When selling a business, a smart owner will do everything necessary to limit risk. This is especially true with representations, warranties and indemnities. Although sellers can look at these aspects of the selling contract as boilerplate language, they are incredibly important. If they aren’t crafted specifically to fit the seller’s needs and minimize risk, the buyer can always use their advantage to sue for damages or cut the sale price when the seller believed it was a done deal!

 

Representations and warranties. Crafting accurate representations lays the foundation for a solid legal document. If the buyer finds any misrepresentations or is not satisfied with the representations a business sets forth, they can walk from the deal or, even worse, come back after the fact and sue for damages.
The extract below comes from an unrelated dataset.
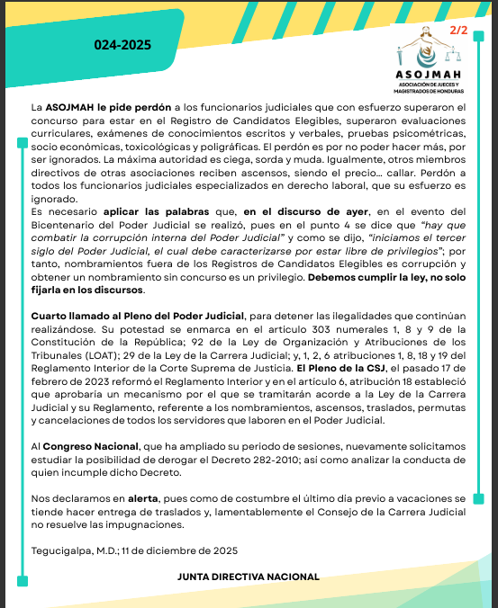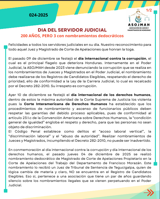 La Asociación de Jueces y Magistrados de Honduras (Asojmah) felicitó a los servidores judiciales en su día, al tiempo que reiteró denuncias sobre actos de corrupción en los procesos de nombramiento de jueces y magistrados.

A good selling contract will have detailed and accurate representations of intellectual property, existing contracts, previous or current litigation, employees, customers, and tax issues, among many other considerations.

 

Disclose. The representations and warranties portion of a purchase agreement can be the most tedious section of the process. But disclosure is a crucial part of protecting the seller’s interests, and sellers must make all necessary disclosures. This is not the place to cut corners. A good seller will get involved in the disclosure process and fully understand what the disclosures say about their business. This section isn’t just legal language tinkering, but has the potential to make or break a sale.

 

Indemnities. An indemnity is simply a promise to reimburse the buyer if a specific set of circumstances are met. If a buyer finds that a seller has misrepresented any aspect of their business in the selling contract, then they can sue for damages. So, if a seller misrepresents customer information or under-reports tax burdens, a buyer can show a breach of warranty and demand payment equal to their losses due to misrepresentation.

 

Set Limits. A smart seller can reduce their risk by reducing the limits on indemnities as much as possible. This would include keeping the term of the indemnity short to keep buyers from coming back years down the road and restricting the types of damages the buyer can recover. So, instead of a 4-year term on tax claims, you and your lawyer could set, say, a 2-year term on environmental claims and completely remove the possibility for tax claims. Setting good limits reduces the chance that the buyer can bring legal action against a seller.

 

Good sellers protect themselves from frivolous lawsuits and massive headaches by using an experienced attorney with the knowledge to craft a proper document, but also by being involved in the process and knowing where they can help to limit their risk.